Task prompt:
Would you repeat word for word the lines of the listing that follows, from the one with "Halk Eğitim Merkezinden" up to and including the one with "Nach Freigabe der", and leave out the images?

Entries shown:
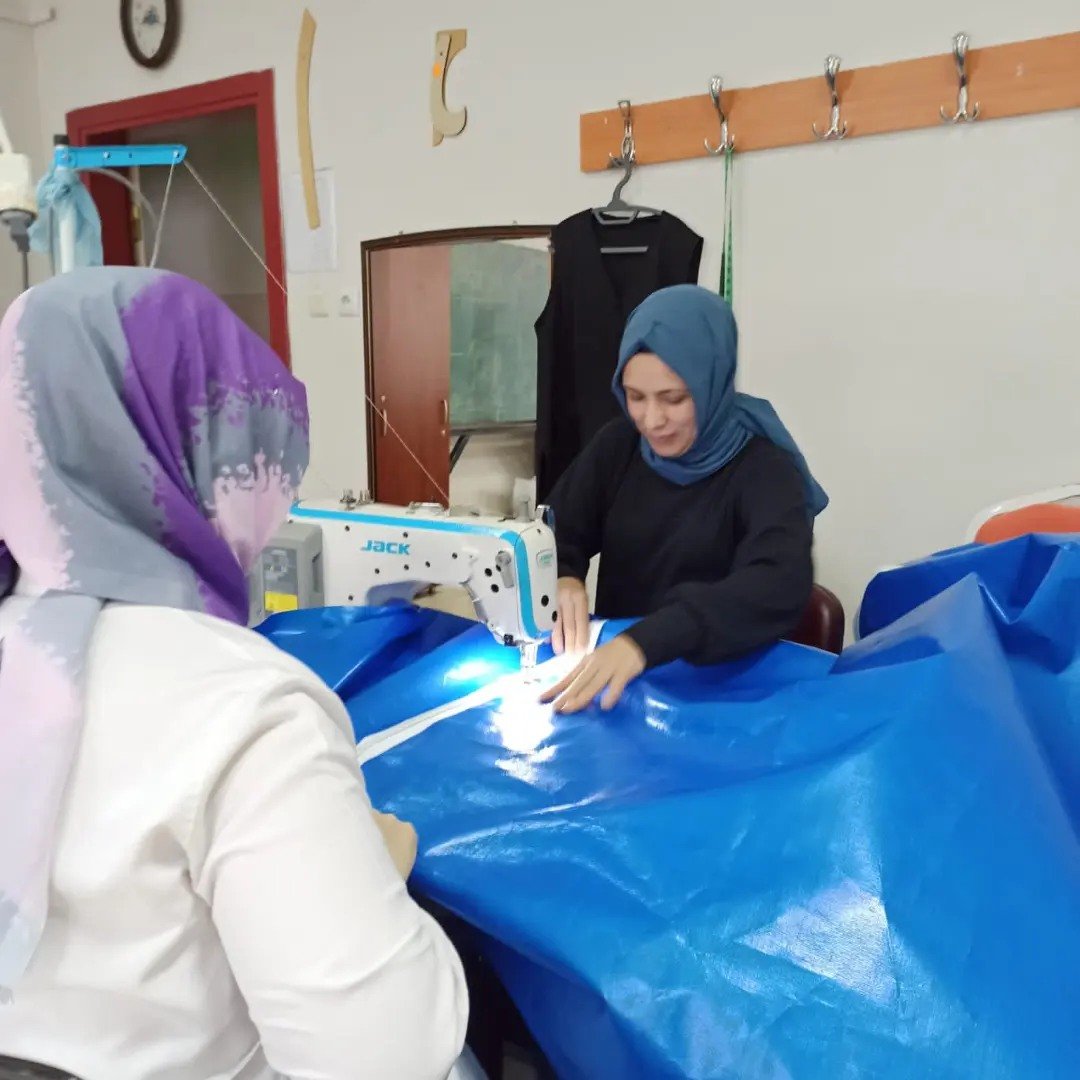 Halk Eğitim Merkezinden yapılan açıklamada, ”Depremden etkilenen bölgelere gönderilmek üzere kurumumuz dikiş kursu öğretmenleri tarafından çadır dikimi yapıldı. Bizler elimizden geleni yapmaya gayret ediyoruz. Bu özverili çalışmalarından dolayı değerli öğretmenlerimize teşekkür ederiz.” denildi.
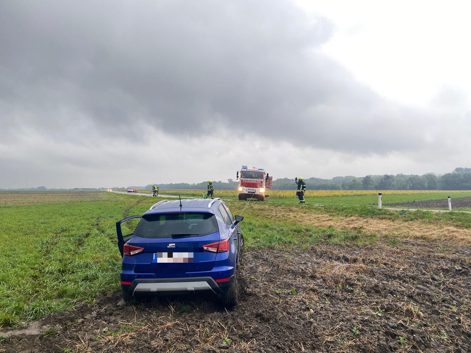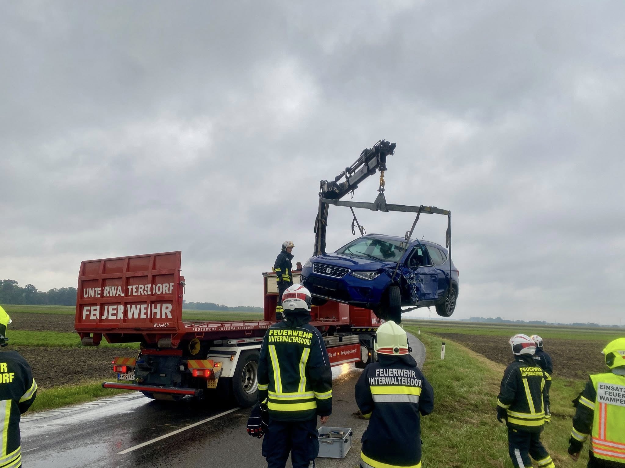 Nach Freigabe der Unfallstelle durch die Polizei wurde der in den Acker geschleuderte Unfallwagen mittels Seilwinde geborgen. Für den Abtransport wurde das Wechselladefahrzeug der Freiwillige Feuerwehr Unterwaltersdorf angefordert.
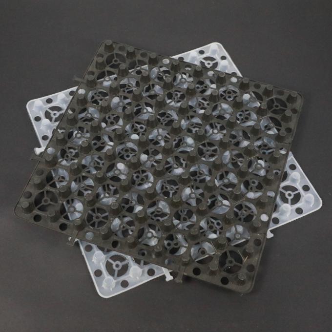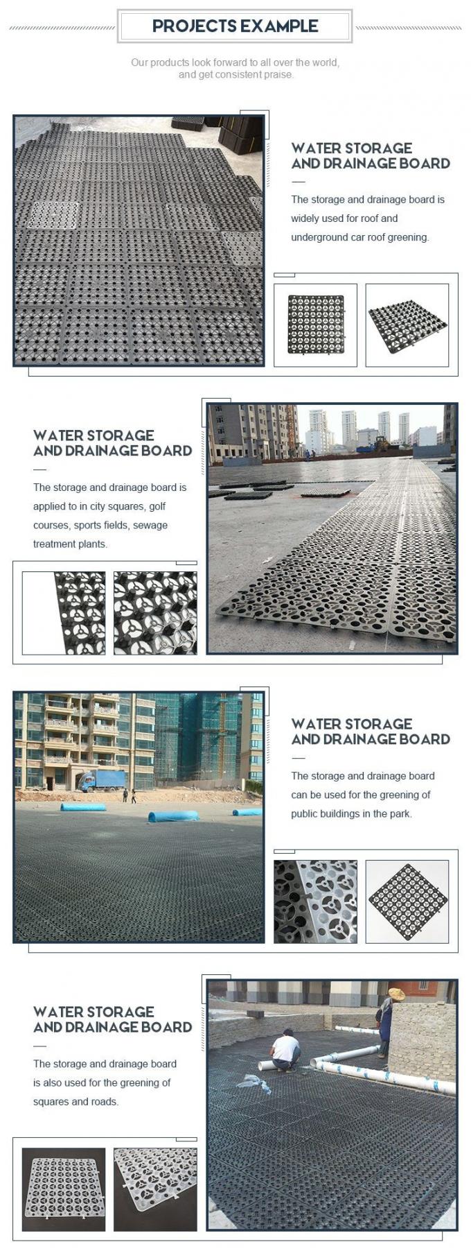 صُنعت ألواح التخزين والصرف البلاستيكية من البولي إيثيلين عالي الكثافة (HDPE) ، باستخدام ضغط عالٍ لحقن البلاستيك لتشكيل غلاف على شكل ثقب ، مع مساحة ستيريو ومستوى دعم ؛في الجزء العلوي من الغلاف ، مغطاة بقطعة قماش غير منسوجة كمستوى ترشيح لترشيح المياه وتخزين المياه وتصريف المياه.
---
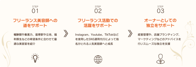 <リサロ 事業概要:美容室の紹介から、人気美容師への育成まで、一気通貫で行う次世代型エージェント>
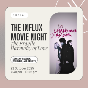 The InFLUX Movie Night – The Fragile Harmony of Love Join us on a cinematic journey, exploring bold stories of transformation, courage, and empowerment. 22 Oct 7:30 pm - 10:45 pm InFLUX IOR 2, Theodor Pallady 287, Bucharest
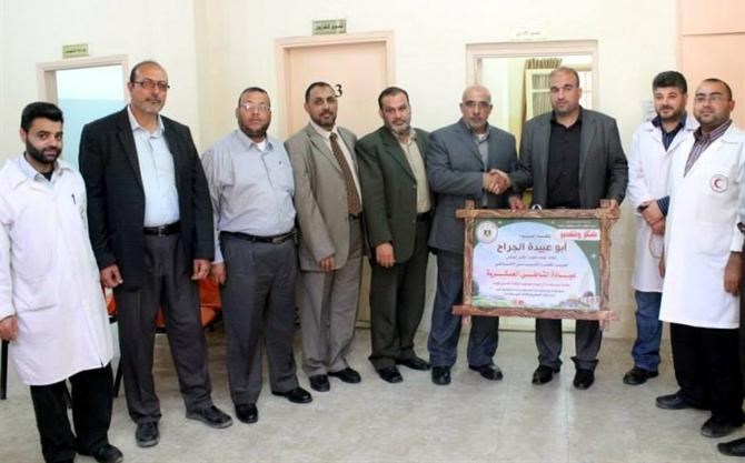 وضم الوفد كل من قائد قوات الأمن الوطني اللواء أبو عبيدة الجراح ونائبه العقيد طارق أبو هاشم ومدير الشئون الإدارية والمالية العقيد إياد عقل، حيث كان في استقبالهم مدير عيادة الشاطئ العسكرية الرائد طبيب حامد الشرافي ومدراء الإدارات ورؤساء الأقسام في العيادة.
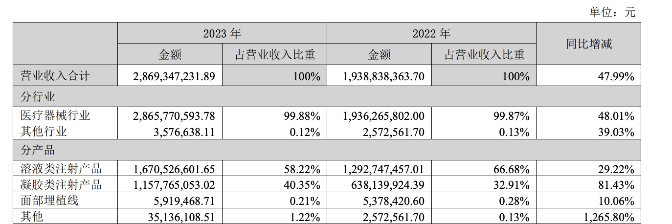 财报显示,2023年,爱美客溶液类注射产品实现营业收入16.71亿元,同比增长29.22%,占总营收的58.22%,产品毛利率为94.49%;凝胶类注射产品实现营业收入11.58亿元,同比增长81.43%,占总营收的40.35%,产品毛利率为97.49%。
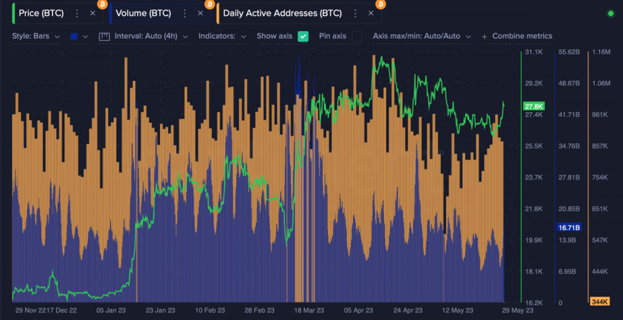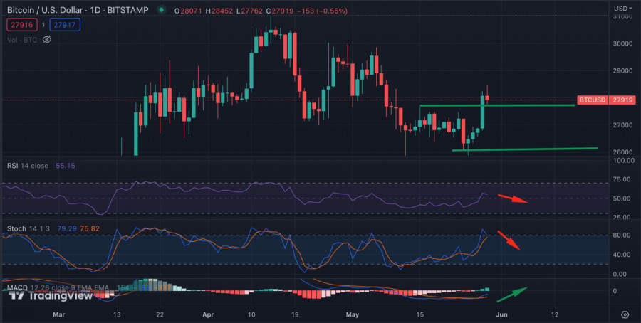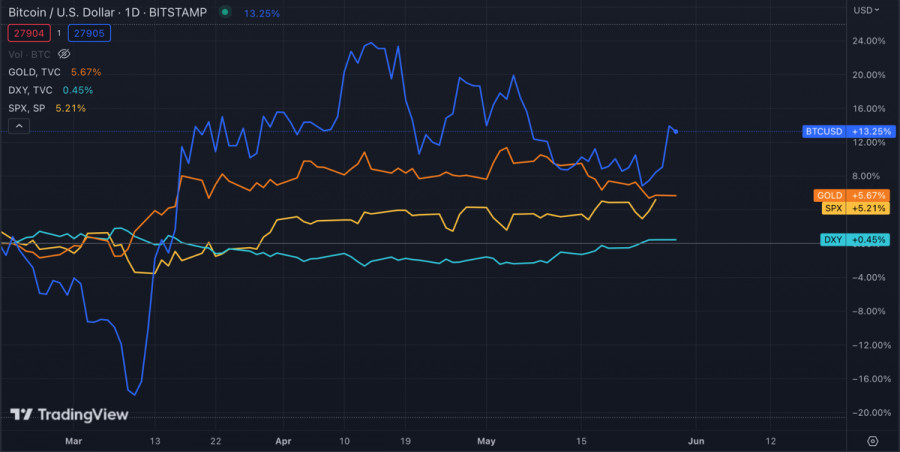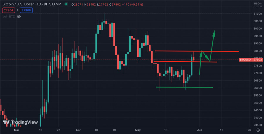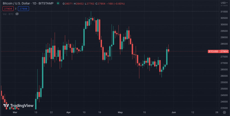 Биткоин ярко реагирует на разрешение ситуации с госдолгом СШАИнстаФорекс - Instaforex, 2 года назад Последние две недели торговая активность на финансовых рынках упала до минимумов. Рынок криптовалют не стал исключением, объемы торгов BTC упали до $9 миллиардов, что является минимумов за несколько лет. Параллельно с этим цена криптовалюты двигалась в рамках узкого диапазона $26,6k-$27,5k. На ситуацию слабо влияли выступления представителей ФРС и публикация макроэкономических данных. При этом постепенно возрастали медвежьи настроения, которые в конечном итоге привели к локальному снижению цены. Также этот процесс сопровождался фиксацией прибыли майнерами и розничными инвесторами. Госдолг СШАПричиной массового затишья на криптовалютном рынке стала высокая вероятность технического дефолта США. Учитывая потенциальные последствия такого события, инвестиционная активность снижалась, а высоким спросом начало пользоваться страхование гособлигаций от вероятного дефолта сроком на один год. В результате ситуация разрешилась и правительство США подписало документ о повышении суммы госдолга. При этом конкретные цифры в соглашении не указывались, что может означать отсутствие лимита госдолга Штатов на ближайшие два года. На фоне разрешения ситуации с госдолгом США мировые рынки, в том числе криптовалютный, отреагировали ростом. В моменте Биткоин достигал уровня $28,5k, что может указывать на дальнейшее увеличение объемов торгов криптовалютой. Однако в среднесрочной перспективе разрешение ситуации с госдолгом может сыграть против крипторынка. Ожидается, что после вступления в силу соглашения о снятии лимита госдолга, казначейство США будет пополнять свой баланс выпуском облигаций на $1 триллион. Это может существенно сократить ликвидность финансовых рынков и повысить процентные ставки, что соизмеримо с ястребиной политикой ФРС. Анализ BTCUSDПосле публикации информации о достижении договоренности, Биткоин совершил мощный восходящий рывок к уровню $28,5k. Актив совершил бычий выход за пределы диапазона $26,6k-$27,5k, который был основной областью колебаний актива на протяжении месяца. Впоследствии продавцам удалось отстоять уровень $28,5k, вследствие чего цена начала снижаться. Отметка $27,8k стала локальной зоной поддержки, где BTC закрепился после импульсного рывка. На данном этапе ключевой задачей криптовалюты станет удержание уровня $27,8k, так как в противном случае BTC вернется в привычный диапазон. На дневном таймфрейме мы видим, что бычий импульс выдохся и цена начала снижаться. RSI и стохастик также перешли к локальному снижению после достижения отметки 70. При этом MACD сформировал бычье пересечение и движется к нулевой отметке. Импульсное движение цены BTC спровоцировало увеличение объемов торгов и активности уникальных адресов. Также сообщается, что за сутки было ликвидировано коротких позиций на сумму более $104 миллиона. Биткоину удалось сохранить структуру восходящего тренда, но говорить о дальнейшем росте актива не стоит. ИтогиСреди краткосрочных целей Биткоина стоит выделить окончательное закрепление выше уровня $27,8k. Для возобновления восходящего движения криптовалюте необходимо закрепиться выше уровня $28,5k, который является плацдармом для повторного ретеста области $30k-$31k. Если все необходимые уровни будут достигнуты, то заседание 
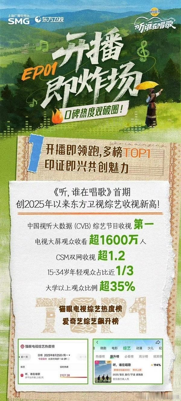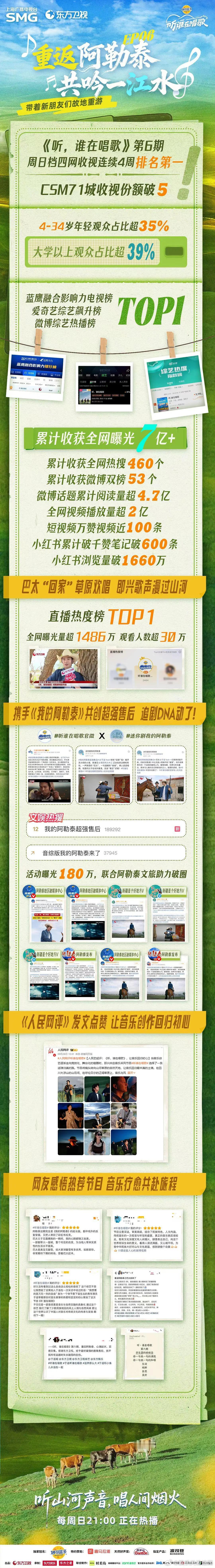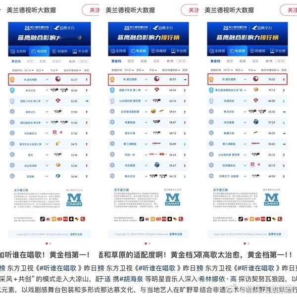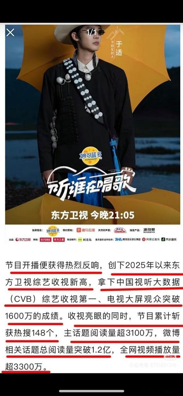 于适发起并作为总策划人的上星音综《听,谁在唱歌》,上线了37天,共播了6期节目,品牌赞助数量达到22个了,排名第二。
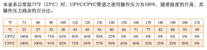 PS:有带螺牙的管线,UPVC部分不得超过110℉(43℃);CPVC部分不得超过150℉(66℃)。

Completed task:
 Halk Eğitim Merkezinden yapılan açıklamada, ”Depremden etkilenen bölgelere gönderilmek üzere kurumumuz dikiş kursu öğretmenleri tarafından çadır dikimi yapıldı. Bizler elimizden geleni yapmaya gayret ediyoruz. Bu özverili çalışmalarından dolayı değerli öğretmenlerimize teşekkür ederiz.” denildi.
 Nach Freigabe der Unfallstelle durch die Polizei wurde der in den Acker geschleuderte Unfallwagen mittels Seilwinde geborgen. Für den Abtransport wurde das Wechselladefahrzeug der Freiwillige Feuerwehr Unterwaltersdorf angefordert.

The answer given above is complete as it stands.